### [Aim of the task]
Only the lines from the one containing "Музична скринька у" through the end of the listing belong in the answer, repeated exactly, with no pictures.

### [Dataset excerpt]
Segment Open
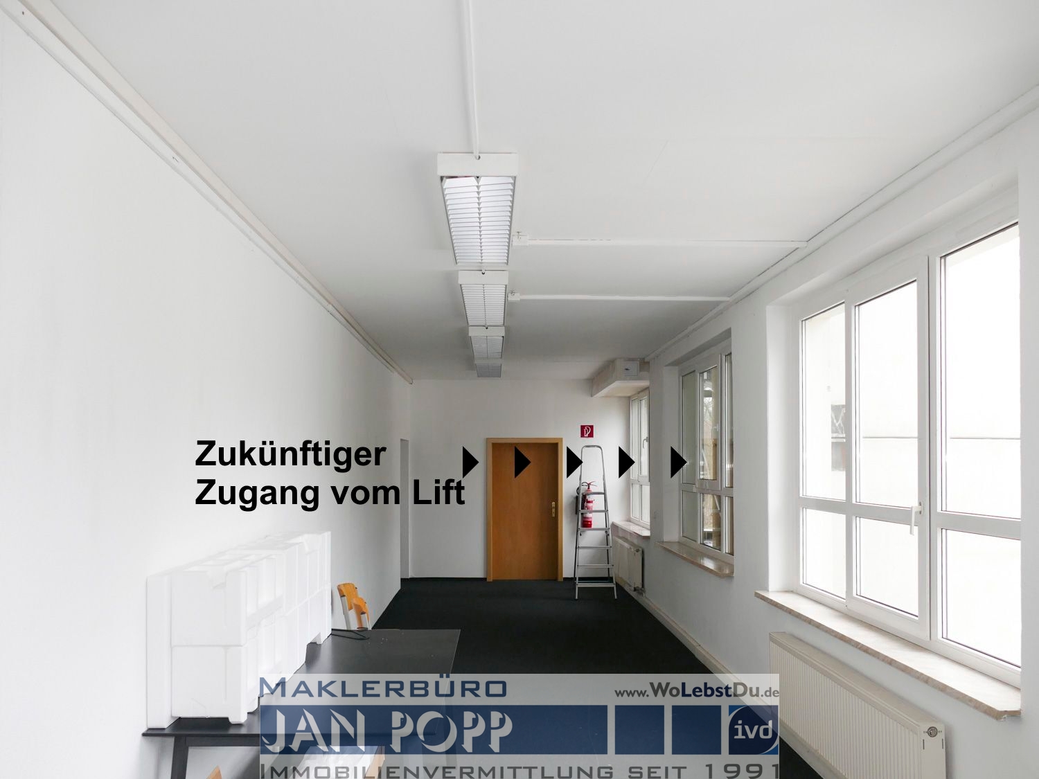 Diese Gewerbeeinheit mit über 500 m² Nutzfläche kann im Grundriss bzw. Ausstattung noch angepasst werden. Der jetzt angegebene Mietpreis bezieht sich aber auf den momentanen Zustand. Je nach Änderungswünschen bewegt sich die Kaltmiete zwischen 4,80 € und 6,00 €/ m².
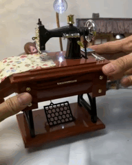 Музична скринька у формі вінтажної швейної машинки вражає своєю деталізацією. Вона додасть нотку вишуканості у будь-який інтер'єр та стане оригінальним декором для оселі
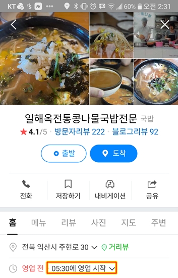 5시 반에 영업 시작
Segment Closed
### [Task output]
 Музична скринька у формі вінтажної швейної машинки вражає своєю деталізацією. Вона додасть нотку вишуканості у будь-який інтер'єр та стане оригінальним декором для оселі
 5시 반에 영업 시작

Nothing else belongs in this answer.